Protect Continued Medicare Beneficiary Access to Freestanding Emergency Centers (FECs)

To expand provider capacity to respond to the COVID pandemic, in April 2020, the Centers for Medicare and Medicaid Services (CMS) issued a waiver allowing FECs to enroll as Medicare-certified hospitals and receive Medicare reimbursement for the duration of the COVID-19 public health emergency (PHE). Over 129 FECs, primarily located in Texas, enrolled and provided high-quality emergency services for all kinds of emergency conditions at significant savings to the Medicare program to thousands of Medicare beneficiaries. Now that the PHE has been terminated, Medicare beneficiaries have lost access to these critical health facilities, and Congress must act to restore Medicare recognition to FECs.

Background of Freestanding Emergency Centers

FECs are EMTALA-compliant emergency departments that are fully staffed 24/7 with emergency-trained ER physicians and nurses and have all the capabilities of a hospital-owned ER, including advanced imaging, lab, and pharmacy. FECs can treat patients within minutes and quickly stabilize them, avoiding unnecessary and costly inpatient admissions. The only difference between FECs and hospital-owned ERs is ownership, not capability.

A Potential Solution for Rural Access to Emergency Care

Additionally, as rural hospitals continue to close (148 since 2010, 38 since 2020, and over 15 last year), 60 million Americans in rural areas risk having limited or no real access to emergency services. FECs are a potential solution to this rural access issue, as they are efficient care sites with limited fixed costs compared to hospitals. However, Medicare recognition is imperative for this model of care to be viable in rural areas where they are needed most.

Actuarial Study: Shows that FECs participation in Medicare Saves Money and Does Not Increase Utilization

Dobson DaVanzo & Associates, a highly revered actuarial firm, analyzed Medicare claims data from 2019 to 2022 to assess the impact of the Medicare waiver for FECs in Texas on the utilization of emergency care and Medicare payments. Key takeaways from the study included:

• Medicare saved 21.2% for emergency care provided in FECs during the PHE, as they utilized fewer services on a risk-adjusted basis than hospitals.

• There was no overall increase in ER services in Texas compared to the US After Medicare FEC recognition. Texas ER utilization was consistent with that across the US.

• 129 FECs in Texas comprise about 4.1% of ER utilization in the state.

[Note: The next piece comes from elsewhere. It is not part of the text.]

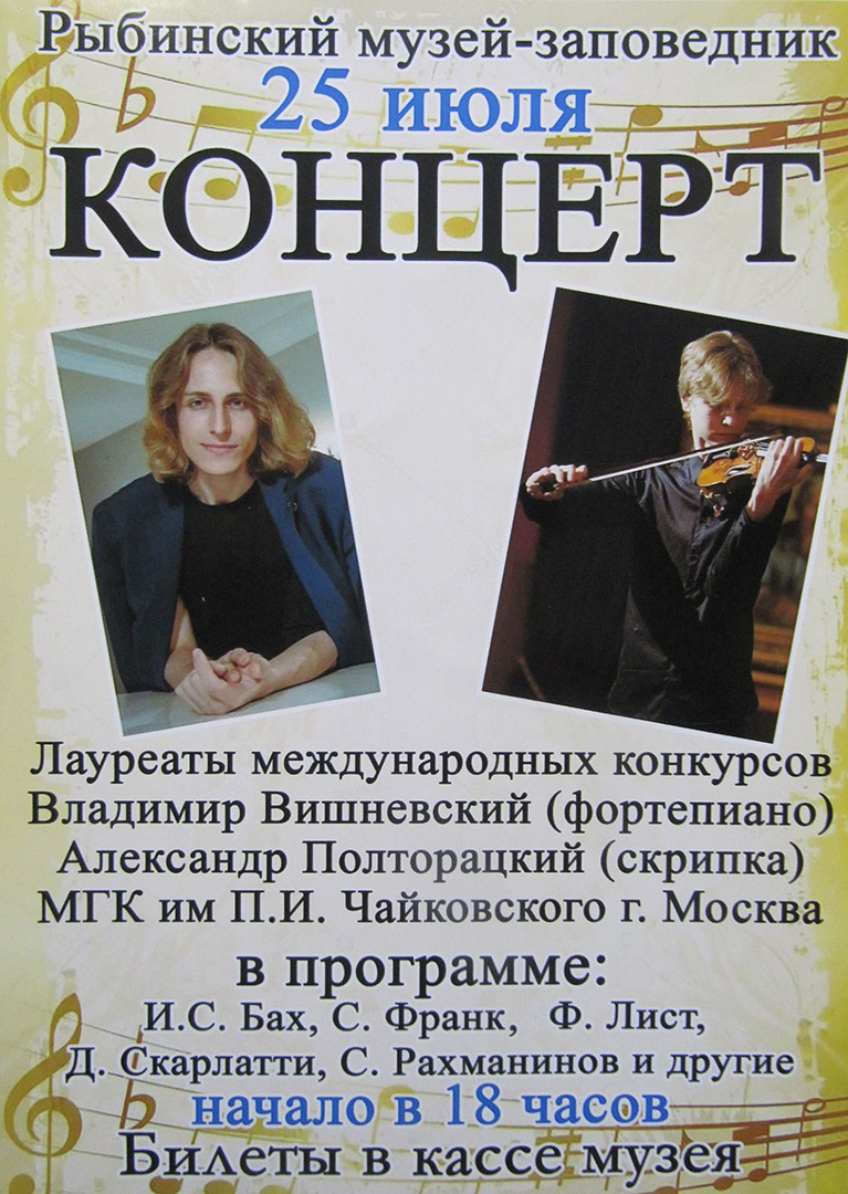 25 июля состоится концерт классической музыки в картинной галерее музея. Исполнители: лауреаты международных конкурсов Владимир Вишневский (фортепиано) и Александр Полторацкий (скрипка) МГК им. П.И. Чайковского г. Москва.
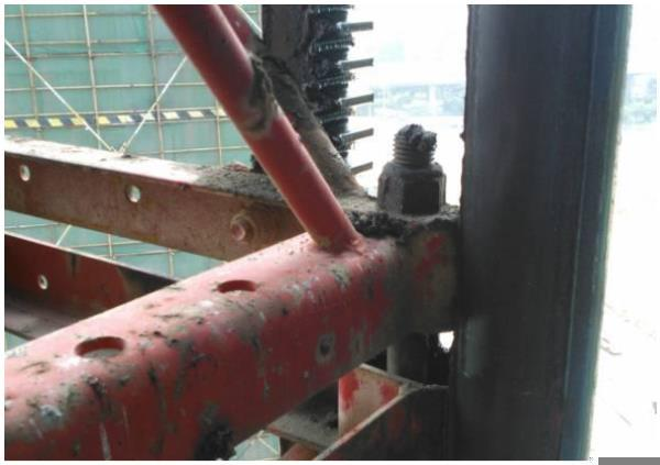 指出施工升降机导轨架连接螺栓存在问题( )。

The Emergency Care Improvement Act

Reps. Jodey Arrington (R-TX) and Vicente Gonzalez (D-TX) introduced the Emergency Care Improvement Act (HR 1694), which would improve Medicare beneficiary access to emergency care in rural areas and improve access and competition in urban areas by providing permanent Medicare and Medicaid recognition of FECs. The bill provides Medicare payments for qualifying FECs at the hospital rate for emergency services for only moderate and high acuity ER codes. It ensures FEC recognition will not put rural hospitals at risk by only allowing new Medicare-recognized FECs in rural counties with no current hospital. The American College of Emergency Physicians endorsed the bill. Rep. Raul Ruiz (D-CA), an important voice on the Energy & Commerce Committee and a former ER physician, signed on to support the bill. He recognizes the important role Medicare reimbursement for FECs can play in increasing access to emergency care, especially for rural areas.

NAFEC urges Members of Congress to sign on to co-sponsor the Emergency Care Improvement Act to improve both access and competition for rural and urban patients, where appropriate.